Further, upon reaching various computer system components, program code means in the form of computer-executable instructions or data structures can be transferred automatically from transmission media to non-transitory computer-readable storage media (devices) (or vice versa). For example, computer-executable instructions or data structures received over a network or data link can be buffered in RAM within a network interface module (e.g., a NIC), and then eventually transferred to computer system RAM and/or to less volatile computer storage media (devices) at a computer system. Thus, it should be understood that non-transitory computer-readable storage media (devices) can be included in computer system components that also (or even primarily) utilize transmission media.


Computer-executable instructions comprise, for example, instructions and data which, when executed at a processor, cause a general purpose computer, special purpose computer, or special purpose processing device to perform a certain function or group of functions. In some embodiments, computer-executable instructions are executed on a general-purpose computer to turn the general-purpose computer into a special purpose computer implementing elements of the disclosure. The computer executable instructions may be, for example, binaries, intermediate format instructions such as assembly language, or even source code. Although the subject matter has been described in language specific to structural features and/or methodological acts, it is to be understood that the subject matter defined in the appended claims is not necessarily limited to the described features or acts described above. Rather, the described features and acts are disclosed as example forms of implementing the claims.

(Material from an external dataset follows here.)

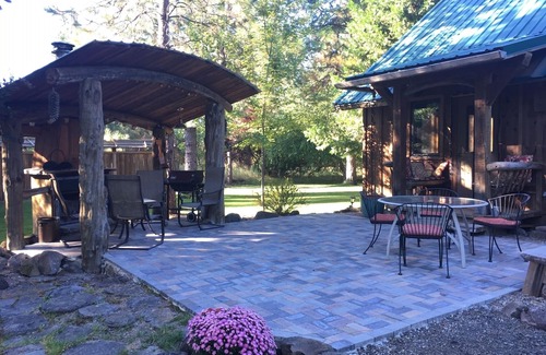 This is a custom-built, two bedroom, one bath home located in the rural Cascade Mountains of Southern Oregon. It is nestled on a wooded acre near the town of Prospect. (population 500). The home is sided with rough-sawn cedar and the interior walls are done with cedar and pine. The Great Room is highlighted by a lodgepole pine spiral staircase. The visitor is welcomed by a comfortable front porch with Adirondack chairs for seating and there is a large patio area and fire pit behind the cabin for outdoor entertaining. However, this is not a party cabin and guests are limited to the number of persons agreed upon in the reservation.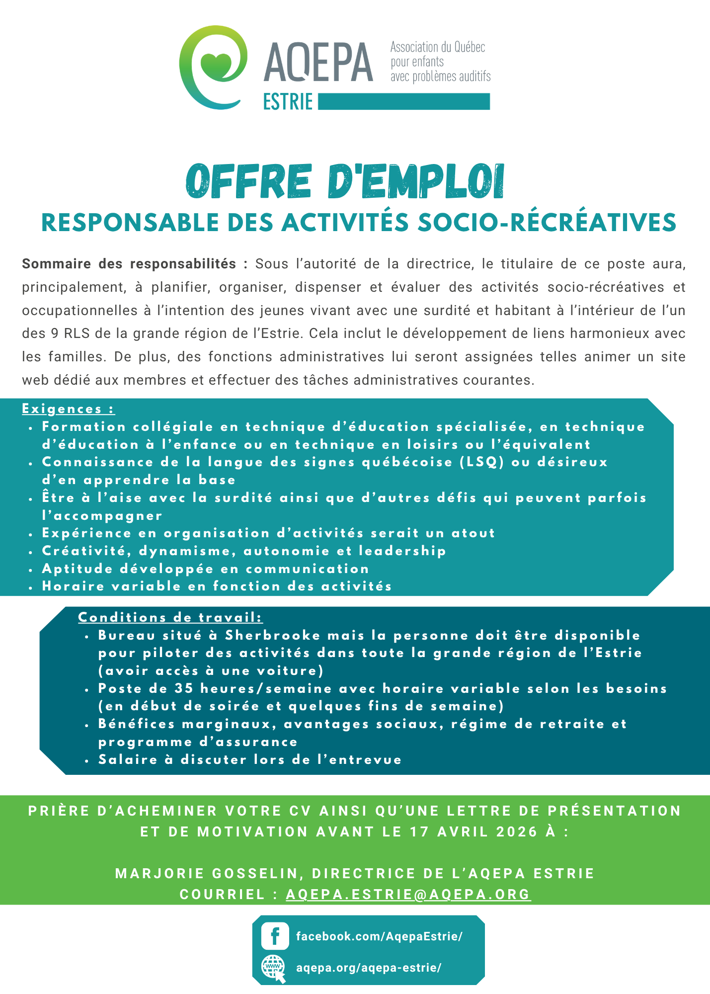 Responsable des activités socio-récréatives | AQEPA Estrie

Those skilled in the art will appreciate that the disclosure may be practiced in network computing environments with many types of computer system configurations, including, personal computers, desktop computers, laptop computers, message processors, hand-held devices, multi-processor systems, microprocessor-based or programmable consumer electronics, network PCs, minicomputers, mainframe computers, mobile telephones, PDAs, tablets, pagers, routers, switches, and the like. The disclosure may also be practiced in distributed system environments where local and remote computer systems, which are linked (either by hardwired data links, wireless data links, or by a combination of hardwired and wireless data links) through a network, both perform tasks. In a distributed system environment, program modules may be located in both local and remote memory storage devices.


Embodiments of the present disclosure can also be implemented in cloud computing environments. In this description, “cloud computing” is defined as a model for enabling on-demand network access to a shared pool of configurable computing resources. For example, cloud computing can be employed in the marketplace to offer ubiquitous and convenient on-demand access to the shared pool of configurable computing resources. The shared pool of configurable computing resources can be rapidly provisioned via virtualization and released with low management effort or service provider interaction, and then scaled accordingly.


A cloud-computing model can be composed of various characteristics such as, for example, on-demand self-service, broad network access, resource pooling, rapid elasticity, measured service, and so forth. A cloud-computing model can also expose various service models, such as, for example, Software as a Service (SaaS), Platform as a Service (PaaS), and Infrastructure as a Service (IaaS). A cloud-computing model can also be deployed using different deployment models such as private cloud, community cloud, public cloud, hybrid cloud, and so forth. In this description and in the claims, a “cloud-computing environment” is an environment in which cloud computing is employed.



FIG. 12 illustrates a block diagram of a computing device 1200 that may be configured to perform one or more of the processes described above. One will appreciate that one or more computing devices such as the computing device 1200 may implement the call integration system 106 and the sequencing system 104. As shown by FIG. 12, the computing device 1200 can comprise a processor 1202, a memory 1204, a storage device 1206, an I/O interface 1208, and a communication interface 1210, which may be communicatively coupled by way of a communication infrastructure 1212. In certain embodiments, the computing device 1200 can include fewer or more components than those shown in FIG. 12. The following paragraphs describe components of the computing device 1200 shown in FIG. 12 in additional detail.


In one or more embodiments, the processor 1202 includes hardware for executing instructions, such as those making up a computer program. As an example, and not by way of limitation, to execute instructions for dynamically modifying workflows, the processor 1202 may retrieve (or fetch) the instructions from an internal register, an internal cache, the memory 1204, or the storage device 1206 and decode and execute them. The memory 1204 may be a volatile or non-volatile memory used for storing data, metadata, and programs for execution by the processor(s). The storage device 1206 includes storage, such as a hard disk, flash disk drive, or other digital storage device, for storing data or instructions for performing the methods described herein.


The I/O interface 1208 allows a user to provide input to, receive output from, and otherwise transfer data to and receive data from computing device 1200. The I/O interface 1208 may include a mouse, a keypad or a keyboard, a touch screen, a camera, an optical scanner, network interface, modem, other known I/O devices or a combination of such I/O interfaces. The I/O interface 1208 may include one or more devices for presenting output to a user, including, but not limited to, a graphics engine, a display (e.g., a display screen), one or more output drivers (e.g., display drivers), one or more audio speakers, and one or more audio drivers. In certain embodiments, the I/O interface 1208 is configured to provide graphical data to a display for presentation to a user. The graphical data may be representative of one or more graphical user interfaces and/or any other graphical content as may serve a particular implementation.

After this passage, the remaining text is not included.